J’ai pris quelques jours pour prendre de la distance suite à l’épouvantable événement du bus à El Harrach, justement pour la réflexion que je vais vous exposer.
Je ne sais plus les circonstances et les conséquences précises de l’accident du car qui circulait au bord des ravins de cette route qui, je l’espère, a été refaite de nos jours. Mais qu’importe car c’est de la réaction du très jeune enfant que j’étais que je vais rappeler.
Il y a des centaines de reproches que j’aurais à lui faire à ce gamin qui était moi, depuis les pensées imbéciles jusqu’aux choix sans cervelle. En fin de compte tout le monde a reconnu l’adage, si jeunesse savait, si vieillesse pouvait.
Mais pour une fois, l’adulte que je suis le félicite. Il avait eu la bonne approche. Une fois le moment d’épouvante passé, sa première réaction avait été d’avoir beaucoup de chagrin pour le chauffeur du bus et des voyageurs. Tout simplement parce que ce jeune enfant prenait ce car en aller-retour hebdomadaire pour se rendre à l’internat de Bouisseville.
Il s’est soudainement rappelé du visage de ces sympathiques chauffeurs, si souriant avec eux et si faussement grondeur lorsque nous étions turbulents. Eh bien, c’est la même chose pour ce car d’El Harrach. Il n’a jamais essayé d’accuser qui que ce soit sur le moment.

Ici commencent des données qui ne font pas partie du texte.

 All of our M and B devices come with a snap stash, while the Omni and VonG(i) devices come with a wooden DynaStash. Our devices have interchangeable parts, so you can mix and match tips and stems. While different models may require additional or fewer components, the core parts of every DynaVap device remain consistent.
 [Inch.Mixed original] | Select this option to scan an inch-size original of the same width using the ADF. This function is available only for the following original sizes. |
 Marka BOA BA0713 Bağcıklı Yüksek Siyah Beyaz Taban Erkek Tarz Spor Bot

J’ai lu des centaines de réactions sur les réseaux sociaux. Et s’ils faisaient état de leur sincère compassion, c’est un flot de colère et d’accusations qui s’abat dans les lignes qui suivent. Le malheureux chauffeur (même si un jour sa responsabilité est démontrée) en a eu jusqu’à le démolir une seconde fois. Et voilà que tout le monde se met à hurler contre l’état du bus en question. Et des images, soit de la presse, soit déterrés sur Internet se sont abondamment déversées dans les posts publiés.
Cette mise en responsabilité en lynchage est-elle légitime et explicable ? Jamais une réaction violente du public ne peut mettre de la distance pour prendre en compte les réelles circonstances et juger des responsabilités.

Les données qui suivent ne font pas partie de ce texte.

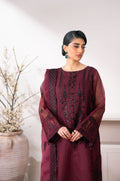Elevate your festive style with this exquisite Maroon Unstitched 3 Piece Embroidered Semi Formal Suit, perfect for a touch of glamour at any event. The intricately embroidered maroon dyed fabric is complemented by Rajjo net, making this shirt a graceful addition with raw silk bottom and organza dupatta . This ensemble exudes paisley opulence and is ideal for semi-formal wear.
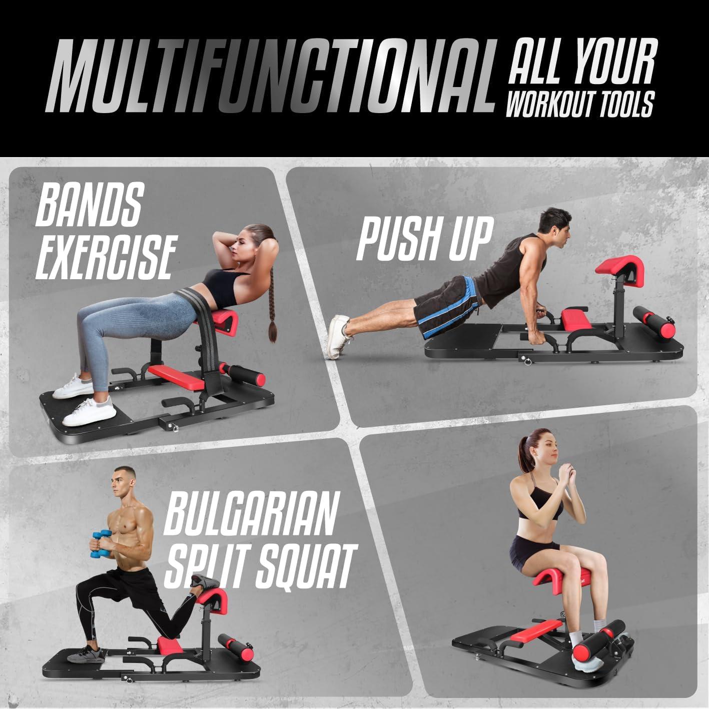Yes4All Hip Thrust Machine Including Resistance Bands, Glute Machine Sissy Squat Machine, Hip Thrust Bench for Glute Training(Red)
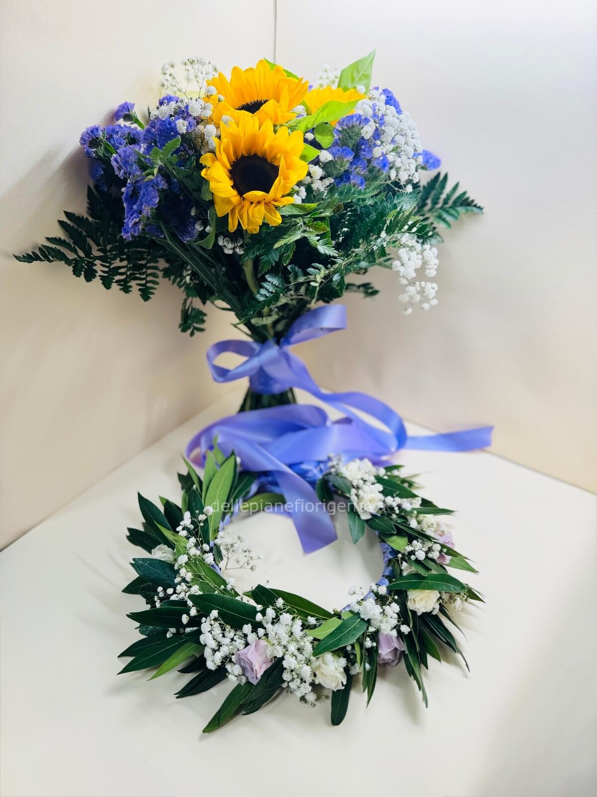 Come in descrizione questo prodotto contiene una Coroncina di alloro e un Bouquet Laurea, dove potrai scegliere e comunicarci, nelle "note per il fiorista ", colore dei nastri.
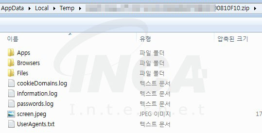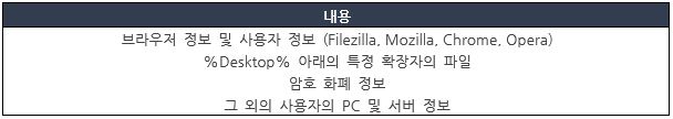 하기의 이미지, 표와 같이 사용자 PC에 저장되어 있는 다양한 정보를 탈취한다.
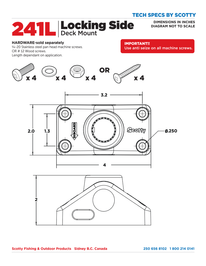 Technical specifications (.pdf) for the 241L Locking Side Deck Mount product.
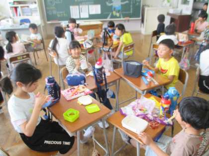 運動会が終わった後、「楽しかった」「負けたけどがんばったからよし」などと感想が聞かれました。どの競技も一生懸命に頑張る姿がかっこよかったです。特に、学年リレーでは、これまでの練習の成果を発揮し、どの団も最高記録を出すことができました。運動会後、お弁当をみんな嬉しそうに食べていました。
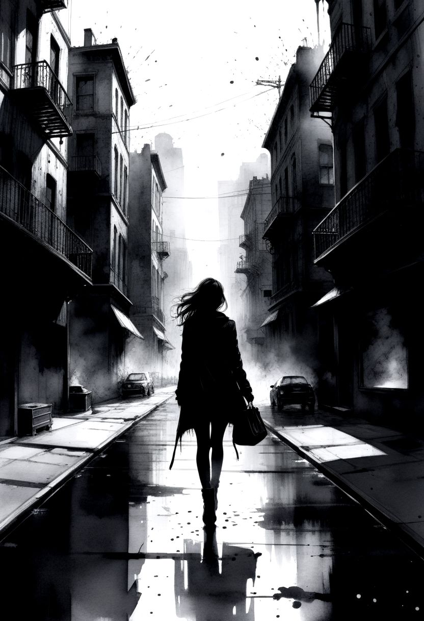 score_9, score_8_up, score_7_up, (best quality, highres:1.1), masterpiece, best quality, high quality, highres, high detailed, masterpiece, high detailed, masterpieceink illustration, hauntingly beautiful scene of a woman walking through an empty city, ink splashes, rough ink sketch

L’effroi, le sentiment de compassion et d’injustice sont tout à fait attendus et prouvent l’humanité des sociétés. Mais ce sont les journalistes qui sont en charge de relater les faits dans leur immédiateté et la conscience des populations à faire taire la colère et la mise en responsabilité immédiate.
Il n’y a rien de plus critiquable que cette mise en responsabilité à chaud. La colère aveugle, l’accusation sans distanciation désarme la sereine réflexion. Non seulement elle est improductive mais provoque exactement le contraire qu’elle est censée provoquer.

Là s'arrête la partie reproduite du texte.